MS - Aí já é bem diferente. Temos vários recursos. Podemos escrever para todos os instrumentos. É muito gostoso porque oferece uma riqueza sonora muito grande e com instrumentos muito variados. Aí podemos desenvolver uma escrita e ao mesmo tempo se tem uma prática de se improvisar conjuntamente, que não é nada nova. No free jazz se fazia muito. Às vezes, dentro da música se tem espaço para que todos improvisem ao mesmo tempo e desenvolvemos uma sensibilidade para ouvirmos o que cada um está fazendo. É uma reação em cadeia, que às vezes dá super certo e outras vezes não acontece nada.

Nesta improvisação coletiva, eu finjo que já está tudo escrito. Quando eu coloco uma frase lá no meio da improvisação, mas com uma convicção que aquilo faz parte da música mesmo. É um recurso de imaginação. O importante é desenvolver a composição. Acho que o grande barato é compor. É criar um universo com um contexto sonoro. Isso é importante para se criar um contraponto entre as seções escritas e as improvisadas. É muito legal.

VMI - Fale sobre o seu CD “Sax sob as Árvores”.

MS - Este CD nasceu de um trio na época do bar Sanja, que foi o grande celeiro de músico - ficava ali na rua Frei Caneca (SP) - onde tocavam muitos grupos. Em uma ocasião eu quis fazer um trio com piano, baixo e sax. Na época, eu era casado com Lis de Carvalho, pianista, então, éramos eu, a Liz e o Nadinho – um baixista muito especial, swingueiro, baixo elétrico. Ele toca com o Almir Sater. O Nelson, dono do Sanja, precisava dar um nome para este trio e a idéia era tocar em jardim dentro do Sanja em baixo de umas árvores e aí ele teve a idéia de colocar “Sax sob as Árvores”. No fim, não tocamos debaixo das árvores, tocamos no palco mesmo, mas ficou o nome. Depois, entrou o Pete Woolley no baixo acústico e o Beto Caldas na bateria, o Benjamim Taubkin no piano e o Guello na percussão. E acabou virando um quinteto. A partir disso, comecei a colocar em prática a composição, pois eu tinha várias que eu queria testar e coloquei algumas músicas no grupo e gravamos este disco.

Gravamos este CD e foi indicado para o Prêmio Sharp. Foi um CD muito feliz eu achei, porque com todas as falhas que um CD pode ter, mas ele saiu muito verdadeiro. Gravamos em dois dias, num sábado e domingo. Sem cobertura... Foi tudo direto. Como os jazzistas tocavam antigamente, simplesmente, entravam no estúdio e saiam tocando. Então, foi um disco muito importante. Foi o primeiro também.

VMI - Quais músicas foram gravadas no “Sax sob as Árvores”?

MS - A maioria são composições minhas. Tem uma " Saudades " fiz em homenagem ao Charlie Parker, ao Coltrane e Thelonious Monk.
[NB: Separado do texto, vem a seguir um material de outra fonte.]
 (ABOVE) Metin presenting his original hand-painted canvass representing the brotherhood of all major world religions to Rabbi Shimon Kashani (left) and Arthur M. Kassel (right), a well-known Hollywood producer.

Outra, Pro Victor em homenagem ao Victor Assis Brasil. Gravei uma música do Arrigo, Lenda , com ele no teclado. É uma valsa linda. Uma outra música chamada “ Tabawana Bolero”, que fiz pro meu amigo Pete Woolley.

VMI - Falando em Prêmio Sharp, este CD foi indicado na categoria “Revelação Instrumental”. Para você, qual é a importância de um prêmio desse para a música?
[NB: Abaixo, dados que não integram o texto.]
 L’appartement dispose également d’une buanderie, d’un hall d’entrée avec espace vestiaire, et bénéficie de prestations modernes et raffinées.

MS - Acho que essas premiações criam um foco em determinadas áreas da arte. Este prêmio reservar um prêmio para a música instrumental, mostra ao mundo que existe esta forma de arte, chamada Música Instrumental, que tem estilos mais variados possíveis.

Mas a premiação não vem acompanhada de uma estrutura nacional, em que o artista da música instrumental brasileira possa circular. Então, é muito bom ganhar um prêmio, ficar mais conhecido e colocar no disco. É bom salientar, que eu não ganhei o prêmio, quem ganhou foi o Yuri Popoff, que estava concorrendo comigo e com o Tomás Improta, que é um pianista muito bom lá do Rio. Fiquei contente de estar junto destes caras, que são figuras importantes da música instrumental. Mas estes prêmios não têm muita reverberação no plano prático porque não se tem uma estrutura muito organizada de lugares para tocar e de festivais.

No Brasil, têm muitos festivais de música instrumental, mas geralmente não conseguem levar o pessoal daqui de São Paulo porque é caro. E ainda por cima, a música instrumental não faz parte de uma cultura nacional. Só o choro é mais conhecido. Mas nas escolas, tanto públicas, quanto particulares, não se aborda o tema da música popular brasileira. Isso deveria fazer parte do currículo, pois faz parte da formação dos cidadãos. A formação do povo brasileiro, mas este é um problema do país, que não valoriza a sua própria cultura e sua arte. Valorização para se ter um movimento nacional para se aprender arte, teatro, dança, música em todas as escolas. Incentivar as crianças a entrarem em contato. Não se tem este cultivo mesmo. Acho que é isso.

VMI - No Íman, vocês interpretam choros em duo. Esta é uma concepção bem diferente do gênero, esta é uma formação instrumental incidental ou proposital?

MS - Nós temos um violão de sete cordas e saxofone. O que fazer com isso? Procuramos não deixar a coisa simplista, do tipo eu tocar a melodia e o Swami (Jr.) me acompanhar. Então, elaboramos arranjos, que é um tipo de composição também, onde se está compondo uma maneira de tocar aquela música. Em vez de só tocar a melodia e o acompanhamento, nós criamos situações, introduções e interlúdio. Procuramos ter esse cuidado no disco. E é preciso explorar isso. Por exemplo, o violão de sete cordas, mais comum no choro, tem aqueles graves e ao mesmo tempo tem uns acordes bonitos. E o Swami é um cara que toca de uma forma muito especial este violão. Então, é criar uma situação musical com o material dado, que no caso é um violão e um saxofone.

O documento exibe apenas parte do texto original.